Thirteen Ways of Looking at a Blackbird, by Wallace Stevens
Among twenty snowy mountains,
The only moving thing
Was the eye of the blackbird.
II
I was of three minds,
Like a tree
In which there are three blackbirds.
III
The blackbird whirled in the autumn winds.
It was a small part of the pantomime.
IV
A man and a woman
Are one.
A man and a woman and a blackbird
Are one.
V
I do not know which to prefer,
The beauty of inflections
Or the beauty of innuendoes,
The blackbird whistling
Or just after.
VI
Icicles filled the long window
With barbaric glass.
The shadow of the blackbird
Crossed it, to and fro.
The mood
Traced in the shadow
An indecipherable cause.
VII
O thin men of Haddam,
Why do you imagine golden birds?
Do you not see how the blackbird
Walks around the feet
Of the women about you?
VIII
I know noble accents
And lucid, inescapable rhythms;
But I know, too,
That the blackbird is involved
In what I know.
IX
When the blackbird flew out of sight,
It marked the edge
Of one of many circles.
X
At the sight of blackbirds
Flying in a green light,
Even the bawds of euphony
Would cry out sharply.
XI
He rode over Connecticut
In a glass coach.
Once, a fear pierced him,
In that he mistook
The shadow of his equipage
For blackbirds.
XII
The river is moving.
The blackbird must be flying.
XIII
It was evening all afternoon.
It was snowing
And it was going to snow.
The blackbird sat
In the cedar-limbs.
Write a “Thirteen Ways” poem of your own.
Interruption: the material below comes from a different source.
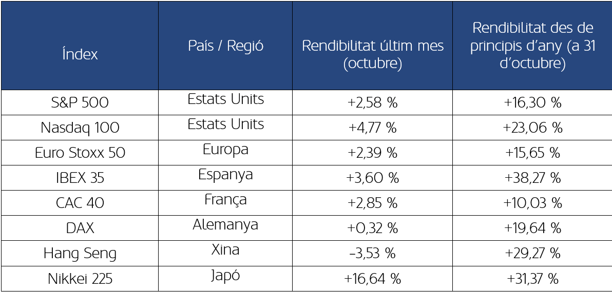 El mes d’octubre va estar marcat per la incertesa política als Estats Units i a Europa —amb el tancament parcial del govern nord-americà i la crisi pressupostària a França en el focus—, l’escalada inicial i la posterior rebaixa de tensions comercials entre els EUA i la Xina, i l’ajust de les expectatives de política monetària. En aquest context, la Reserva Federal va rebaixar el tipus oficial en 25 punts bàsics, situant-lo en el rang del 3,75 %-4,00 %, tot i que el president Powell va refredar la possibilitat d'una nova retallada al desembre. Tot i això, el mercat laboral nord-americà continua mostrant senyals de moderació i la inflació es manté en nivells elevats. A Europa, el BCE va mantenir els tipus d’interès inalterats, mentre que els indicadors d’activitat van mostrar fortalesa amb una lectura del PIB per sobre de l’esperat i un IPC contingut, proper al 2 %. A Àsia, el Banc del Japó va mantenir el preu del diner sense canvis, mentre que el relleu polític va situar Sanae Takaichi com a nova primera ministra, amb una agenda centrada en la política fiscal proactiva i la inversió en tecnologia i defensa.

Pick anything or anyone that interests you and write 13 different ways you could relate different, even random, life experiences to that thing or person.

We Real Cool
We Real Cool
We real cool. We
Left school. We
Lurk late. We
Strike straight. We
Sing sin. We
Thin gin. We
Jazz June. We
Die soon.
Gwendolyn Brooks wrote this poem after noticing a group of kids who probably should have been in school. Think about a person or a group of people. You don’t have to know them. Write a poem in the voice of that person or group, starting each new line with the word “I” or “we.”

What You Love, What You Don’t
Write a poem about a kind of food that you love or really don’t like. Please use wild exaggerations in each line. For example, “I am madly in love with fried squid.” Or “I cannot abide with peas.”